Secured loan : A secured loan is where you borrow money and the money you need to pay back is held as security against some asset like your home or your car. This signifies that if you miss the regular monthly instalments, the lender is able to take possession of your asset so that they can get back their money. Secured loans are often more agreeable when you intend to take out a loan for greater amounts of money. Interest rates have a tendency to be more reasonable than had you taken the loan as an unsecured loan. This is since the loan provider has a greater degree of certainty that he will be repaid what you borrowed by way of your asset.
Income protection insurance : Income Protection Insurance is also known as ASU (accident, sickness and unemployment cover). This kind of insurance will provide a regular pay check if ever you are unable to function in your job because of having an injury, sickness or a disability. The amount you'll be given depends on your overall wages.
Payday loan : A Payday Loan is so named due to the fact that it provides a way for you to take out a loan prior to and until the next day you get paid. A payday loan is meant to bridge the gap should you run into an unexpected expense, such as surprise car repairs or an enormous veterinarian bill. There are some providers of these loans, they most often have a set rate for each £100 you are lent, in place of a percentage of interest.
Repayment mortgage : A repayment mortgage means that together, the capital (the borrowed amount) as well as the interest (the interest amount to be paid back for borrowing) parts of a mortgage loan are paid off over the duration of the mortgage term.
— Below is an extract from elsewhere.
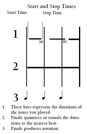 In fact, Start Time measures the difference between the notated (quantized) value’s starting point and the moment you actually struck the note in your performance. In the figure on the right, the Start Time is a positive number for the first note (because it was played slightly after the beat), and the Stop Time is a negative number (because the note was released slightly before the next beat).
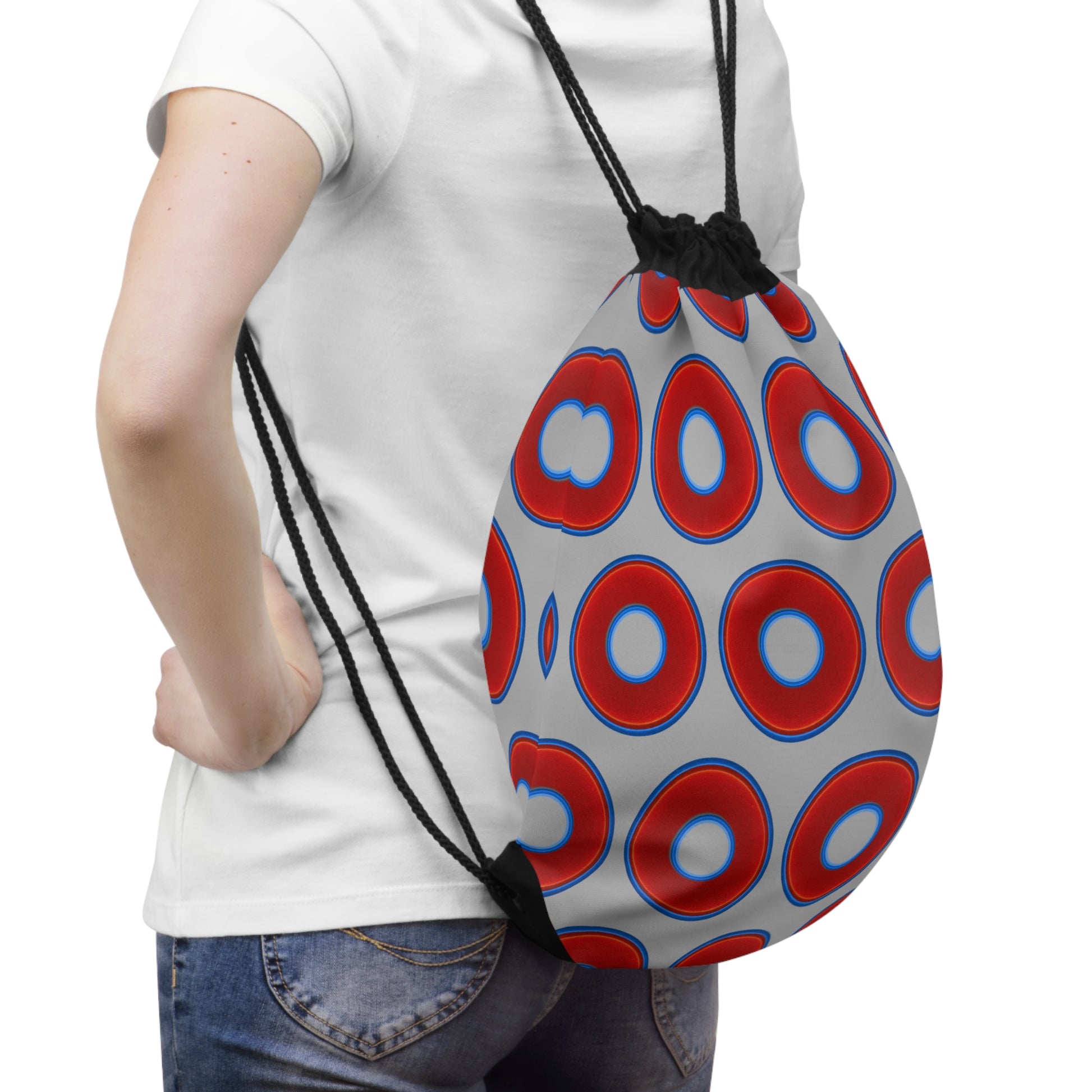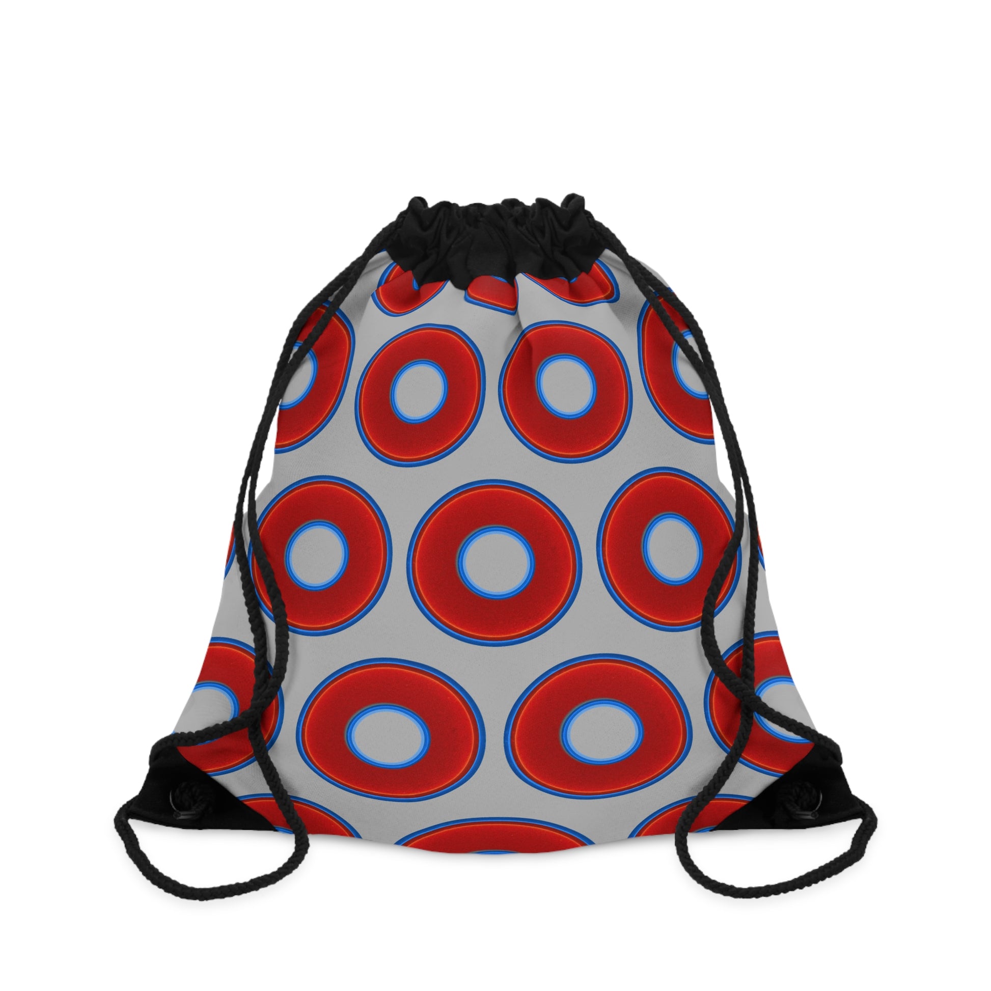 Lumpy Donut Drawstring Bag - red vivid donuts print w/light gray background

The implication is that after the end of the mortgage term, the amount owed is satisfied fully. This suggests that borrowers do not have to lean on having additional savings and /or investments in order to repay the loan, which is different from an interest only mortgage.
Early redemption penalty : An early redemption penalty is a financial penalty that you will need to pay if you satisfy the lending, such as a mortgage or loan, prematurely. When seeking some form of credit, it is wise to look into the early redemption clause. That way you can see the amount you could obligated for if you choose to pay off the lending before the end the full term.